▶ [To do] Beginning with the line where "Boardwalk Z8048HNKR01 40" appears, restate each line word for word until the data ends. Pictures do not go in.

▶ [Material provided]
+++++

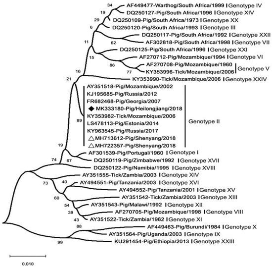 Analysis of the MK333180-Pig/Heilongjiang/2018 (Chinese pig/HLJ/18) based on its partial p72 gene. The white triangles mark the ASFV sequences from the first case in China. Scale bars indicate nucleotide substitutions per site. ASFV isolated in China and Russia share high homology and belong to genotype II [223].
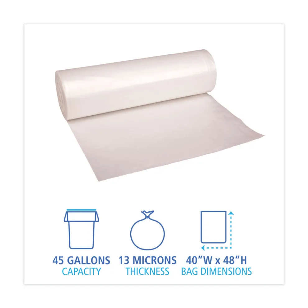Boardwalk Z8048HNKR01 40 in. x 48 in. 45 Gallon 13 mic High Density Industrial Coreless Roll Can Liners – Natural (250/Carton)
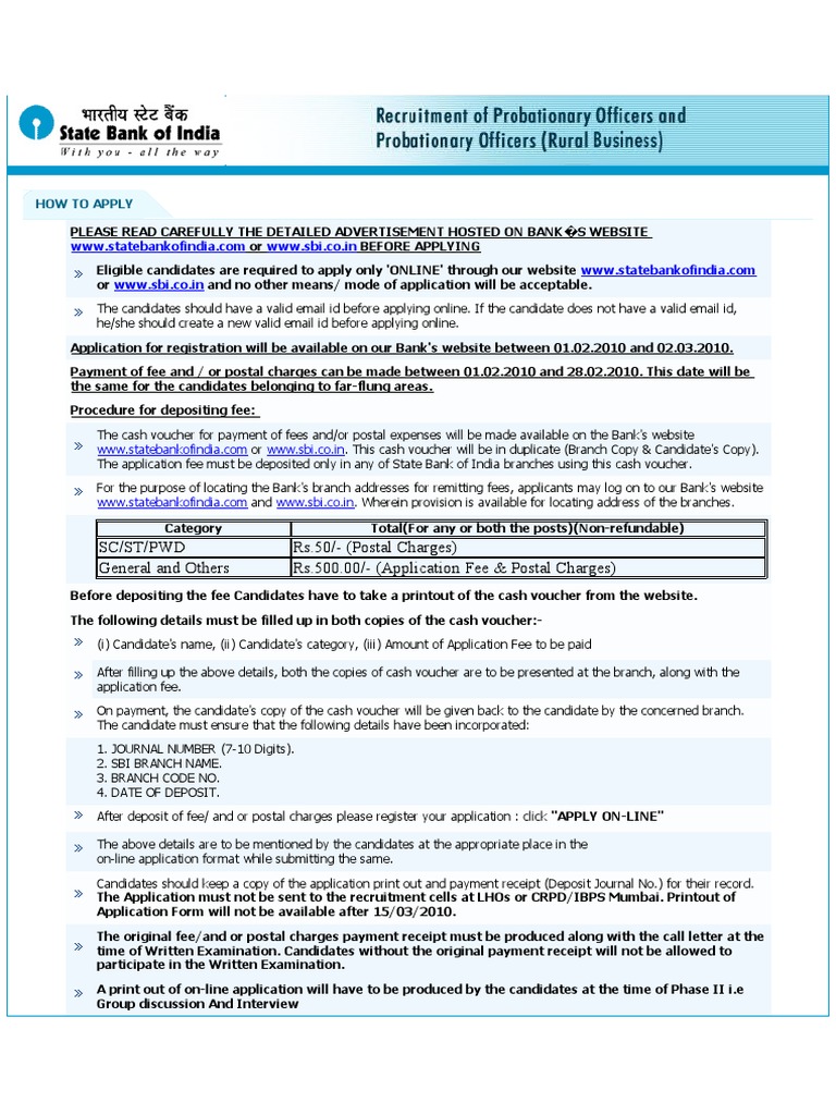 www.statebankofindia.com or www.sbi.co.in. This cash voucher will be in duplicate (Branch Copy & Candidate's Copy).

+++++

▶ [The answer]
Boardwalk Z8048HNKR01 40 in. x 48 in. 45 Gallon 13 mic High Density Industrial Coreless Roll Can Liners – Natural (250/Carton)
 www.statebankofindia.com or www.sbi.co.in. This cash voucher will be in duplicate (Branch Copy & Candidate's Copy).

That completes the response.